Ähm, es gibt da einen Unterschied zwischen einer natürlichen Inflation über große Zeiträume durch Teuerung über selbige und einer Inflation, wenn ein Staat oder System Bankrott ist und die Währung entwertet wird.


----------



## sauerlandboy79 (17. Januar 2020)

LarryMcFly schrieb:


> Star Wars: Episode I
> Worldwide Box Office: $1.789 billion $


Diese Zahl stimmt nicht. Laut Wiki eher bei 1.439 billion. Das würde auch eher im Verhältnis zu EP1+2 passen, EP1 hatte niemals ein gegenüber EP3 um 50% höheres Einspielergebnis erzielt.

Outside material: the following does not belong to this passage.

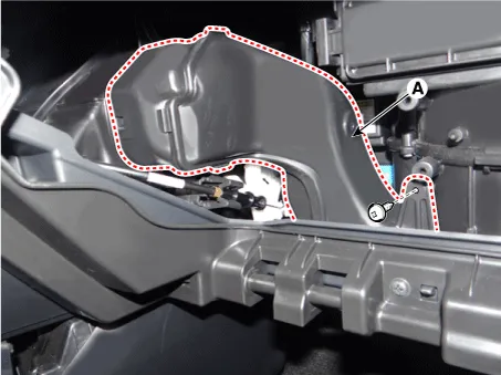| 4. | Remove the driver's side shower duct (A) after loosening the screw.

Gesendet von meinem 6070K mit Tapatalk


----------



## Gast1664917803 (17. Januar 2020)

weenschen schrieb:


> Ähm, es gibt da einen Unterschied zwischen einer natürlichen Inflation über große Zeiträume durch Teuerung über selbige und einer Inflation, wenn ein Staat oder System Bankrott ist und die Währung entwertet wird.



Nein! Doch! Oh!
Dir ist aber schon bewußt, was ich mit meinem Kommentar eigentlich bezwecken wollte?


----------



## Gast1664917803 (17. Januar 2020)

sauerlandboy79 schrieb:


> Diese Zahl stimmt nicht. Laut Wiki eher bei 1.439 billion. Das würde auch eher im Verhältnis zu EP1+2 passen, EP1 hatte niemals ein gegenüber EP3 um 50% höheres Einspielergebnis erzielt.
> 
> 
> Gesendet von meinem 6070K mit Tapatalk



Natürlich stimmt die Zahl. 
1.439 billion? 
In Euro oder Pfund?
Sorry, aber das ist einfach rechnerisch schon unmöglich, wenn man vom Jahr 1999 und Einnahmen von einer Milliarde und siebenundzwanzig Millionen Dollar zu diesem Zeitpunkt ausgeht.
Selbst jeder einfache Inflationskalkulator auf US Dollar Basis (der nicht die weltweiten Einnahmen berücksichtigt und die entsprechende Inflation je Währung) kommt mit dieser Zahl auf rund eine Milliarde und sechshundert Millionen Dollar.
So hat Episode I natürlich ein um 50% höheres Ergebnis inflationsbereinigt eingefahren als Episode 3 (da liegen auch wieder 6 Jahre dazischen mit einer Inflation von rund 25% )
Ich würde gerne diesen Wikiartikel sehen, damit ich mal die Quellenverlinkung überprüfen kann.
imdb jedenfalls geht von ~1.725-1.75 Billion $ aus (Platz 20): https://www.imdb.com/list/ls026442468/


----------